Are these two somehow the same? Are there different "normalization" methods? If so, what should be used when?

Sycorax
  • 90,934
bli00
  • 143

1 Answers1

4

The Kaggle post describes a different procedure than the code carries out. What the author is trying (but not succeeding) to say is that preconditioning can improve gradient-based optimization. Here's an answer that explains this in a more precise way. https://stats.stackexchange.com/a/437848/22311

Suppose we have some matrix $X$ where the rows store observations (examples) and the columns store features (the measurements you collect for each example).
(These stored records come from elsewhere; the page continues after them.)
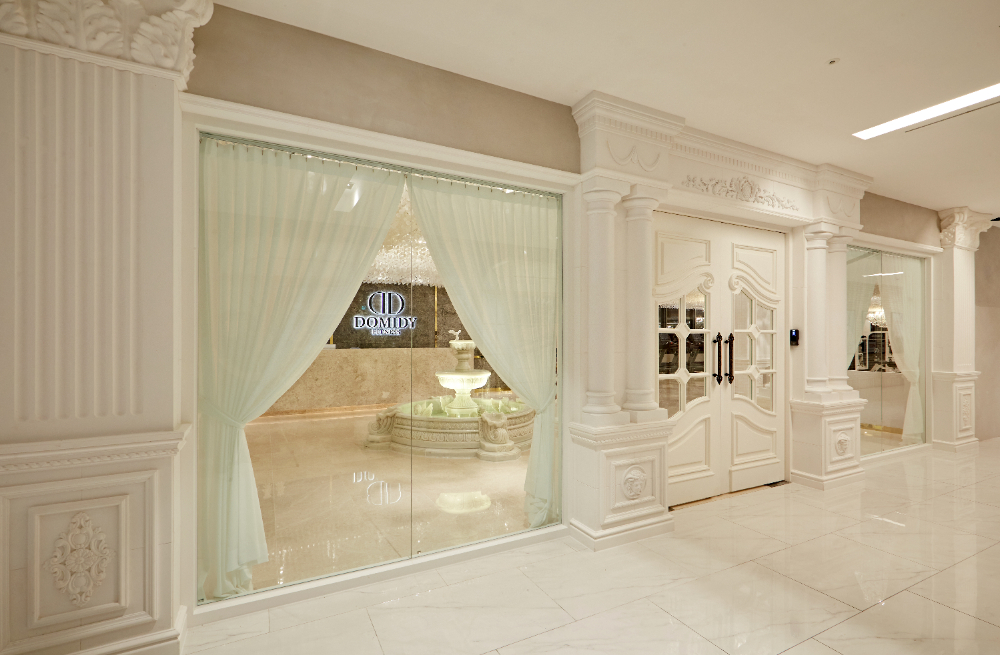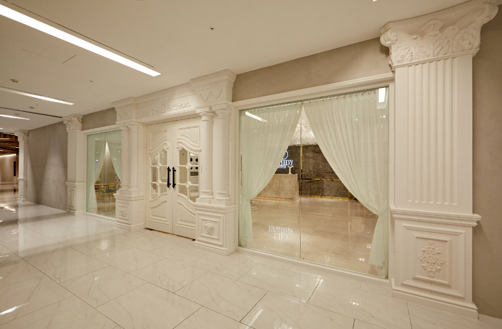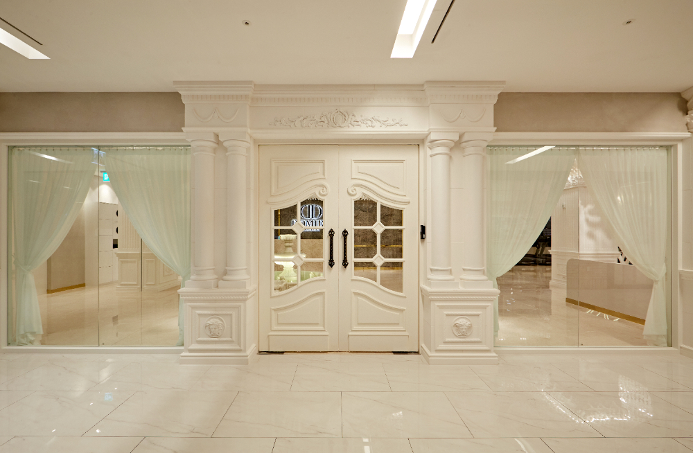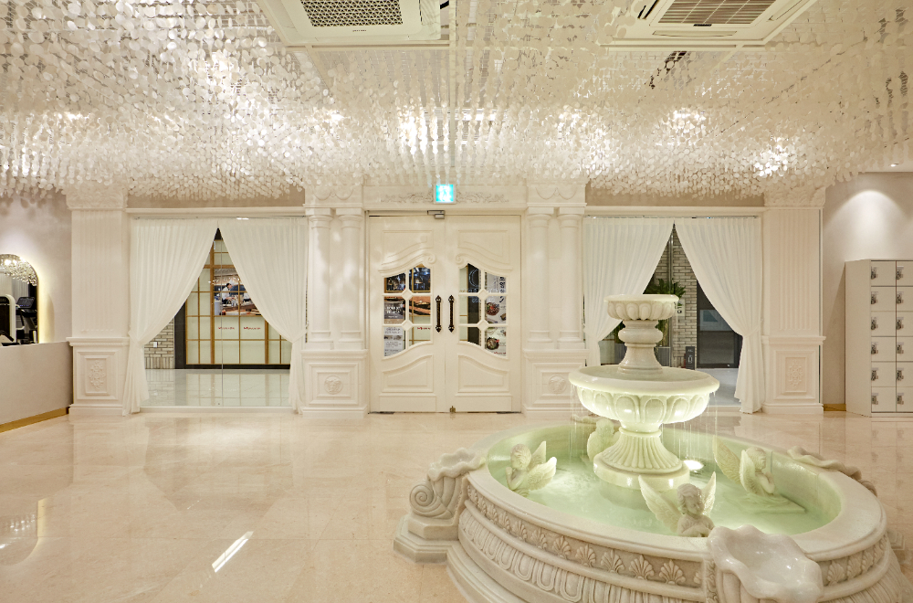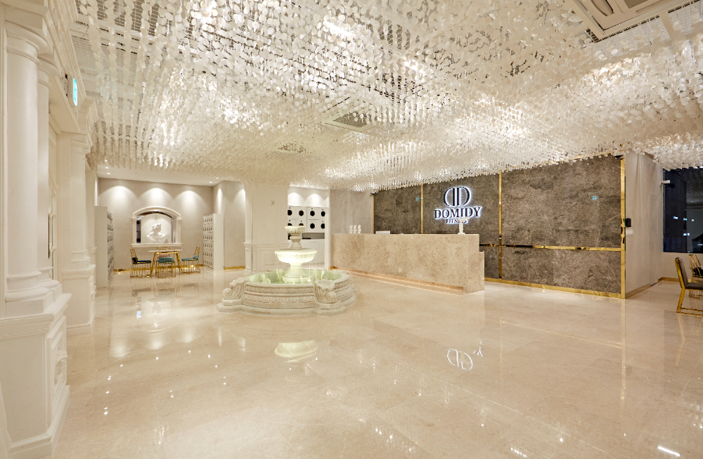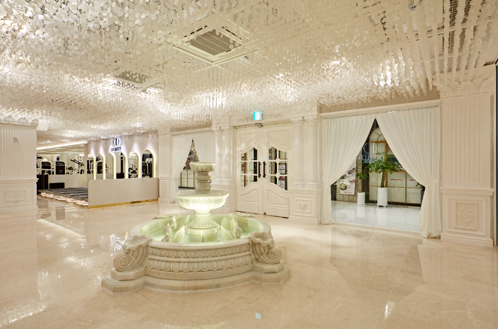 곳곳에 위치한 샹들리에와 하얀색 조명은
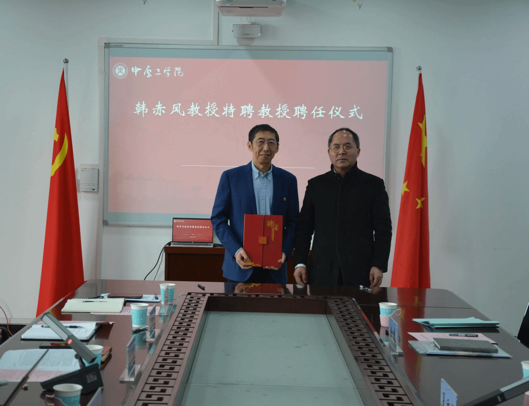 聘任仪式上,夏元清为韩赤风佩戴校徽,与韩赤风签订工作协议并为韩赤风颁发聘书。
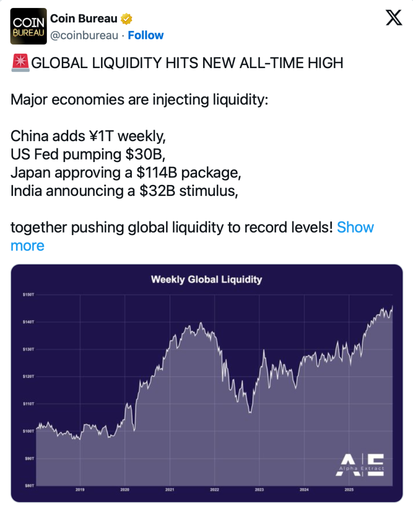 Die globale Liquidität hat ein neues Allzeithoch erreicht, hervorgehoben unter anderem von Coin Bureau. Auffällig ist die Gleichzeitigkeit der Maßnahmen: China erhöht wöchentlich die Liquiditätszufuhr um rund eine Billion Yuan, die US-Notenbank pumpt zusätzliche 30 Milliarden US-Dollar in das System.
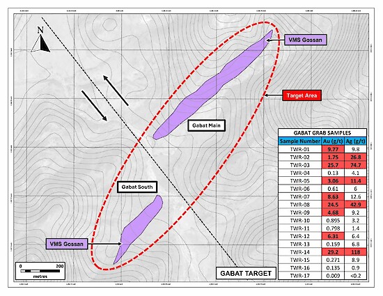 - Fifteen grab samples collected from the Gabat VMS gossan returned excellent grades for gold and silver, with 6 returning over 5 g/t Au and 3 returning over 20g/t Au to a high of 29.2 g/t Au, while 6 samples returned over 10 g/t Ag to a high of 118 g/t Ag.
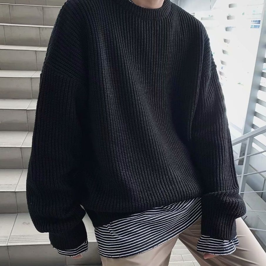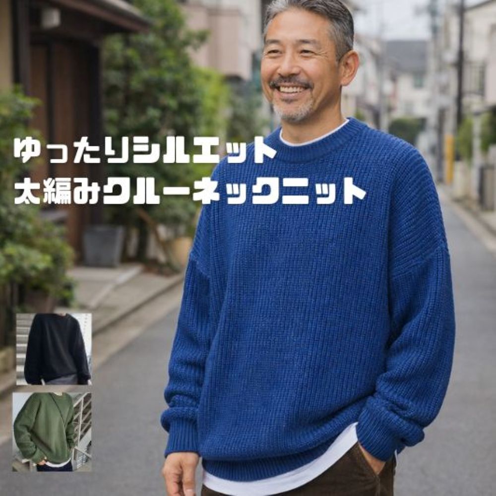 存在感のある太めの畝編みが特徴的なニットセーターです。
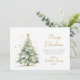 Elegant Gold Script Watercolor Christmas Tree Holiday Card
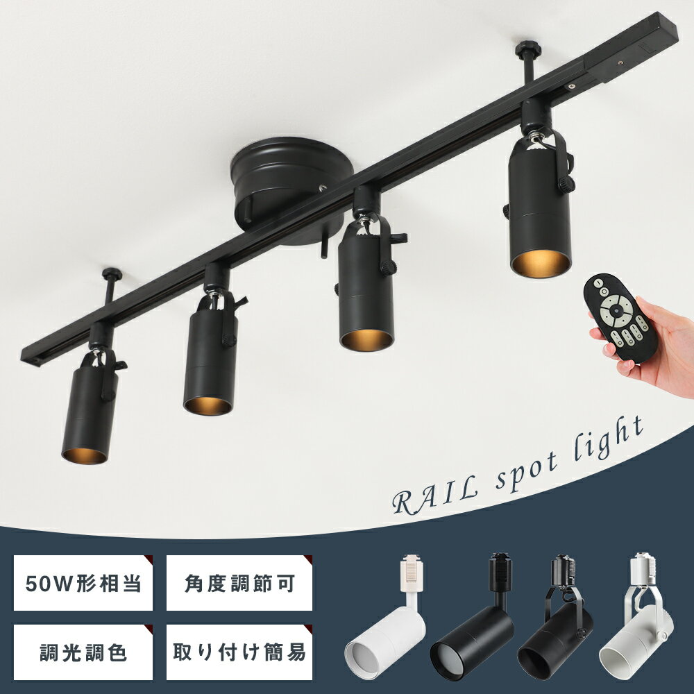 \5%OFF券進呈!+P3/シーリングライト 4灯 50W相当 調光調色 6畳 8畳 天井照明 間接照明 配線ダクトレール スポットライト ライティングレール レールライト リモコン操作 寝室 食卓 角度自由 照明器具 おしゃれ照明 レール 照明【2タイプ・1M/1.5M】
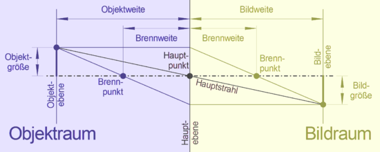 Objektraum (links) und Bildraum (rechts) bei einem konvergenten Strahlengang mit einer reellen Abbildung von einer Objektebene (respektive Gegenstandsebene) über eine Hauptebene in eine Bildebene. Es gibt sowohl einen objektseitigen als auch einen bildseitigen Brennpunkt. Hauptstrahlen gehen durch den Hauptpunkt, werden nicht abgelenkt und verbinden einen Objektpunkt auf gerader Linie mit einem Bildpunkt. Lichtstrahlen, die durch einen der Brennpunkte auf die Hauptebene treffen, werden parallel zur optischen Achse (Strich-Punkt-Linie) abgelenkt und umgekehrt.

sklearn.preprocessing.Normalizer rescales the feature vector for each observation. So if an observation $i$ has feature vector $x_i$, then after applying sklearn.preprocessing.Normalizer, we have $\| x_i \|=1 ~ \forall i$. In other words, all of the rows for $X$ have the same length. This is why all of the data points fall along a clean curve in the sklearn plot: all of the plotted points are the same distance from the origin.

enter image description here

But the sklearn.preprocessing.Normalizer is different from the "normalization" and "standardization" usages that OP describes. Indeed, most usages of "normalizing" and "standardizing" are consistent with what OP describes in their question. Usually, "normalizing" and "standardizing" are about rescaling the features themselves. In other words, these are operations that apply scaling and shifting the columns of $X$, as described in What's the difference between Normalization and Standardization? This question has answers about when to use these methods: When to Normalization and Standardization?

Intuitively, we would not expect that composing L2 row scaling and min/max scaling to be the same as scaling the columns to have 0 mean and unit variance in general. This is because L2 row scaling makes the the values in each row depend on all other values in the row. On the other hand, $z$-scores are applied to the columns alone.

A direct demonstration for this is to just apply the two transformations to the same data and compare the result.

import numpy as np
from sklearn.preprocessing import Normalizer, StandardScaler, MinMaxScaler
from sklearn.pipeline import Pipeline
prng  = np.random.default_rng(12345)
X = np.random.multivariate_normal(mean=[-2, -1, 0, 1, 2], cov=np.eye(5) * np.array([0.1, 0.3, 0.5, 0.7,0.9]), size=10)

pipe1 = Pipeline([('normalizer', Normalizer()), ('scaler', MinMaxScaler())])

pipe2 = Pipeline([("Standard", StandardScaler())])

X1 = pipe1.fit_transform(X) X2 = pipe2.fit_transform(X)

print(X1 - X2) assert np.allclose(X1, X2)

The code raises an exception because the transformations are not identical: X1 is different from X2, and the size of the differences can be very large!


Why does the author of the Kaggle post make this error?

The Kaggle text quotes Giorgos Myrianthous's answer to this Stack Overflow question that describes centering and scaling the data, which is close to what the StandardScaler does. For some reason, the Stack Overflow post uses Normalizer instead of StandardScaler. Apparently, neither Giorgos Myrianthous nor the Kaggle author bothered to read the documentation to determine which function applies centering by the mean and scaling by the standard deviation.

Also, Giorgos Myrianthous's answer describes rescaling by the variance for some reason. That doesn't make much sense because the variance is measured in units squared; StandardScaler rescales by the standard deviation, which is measured in the same units as the data. Moreover, scaling a non-constant random variable by its standard deviation gives a random variable with variance of 1. Rescaling by the variance does not do this, unless the variance is already 1.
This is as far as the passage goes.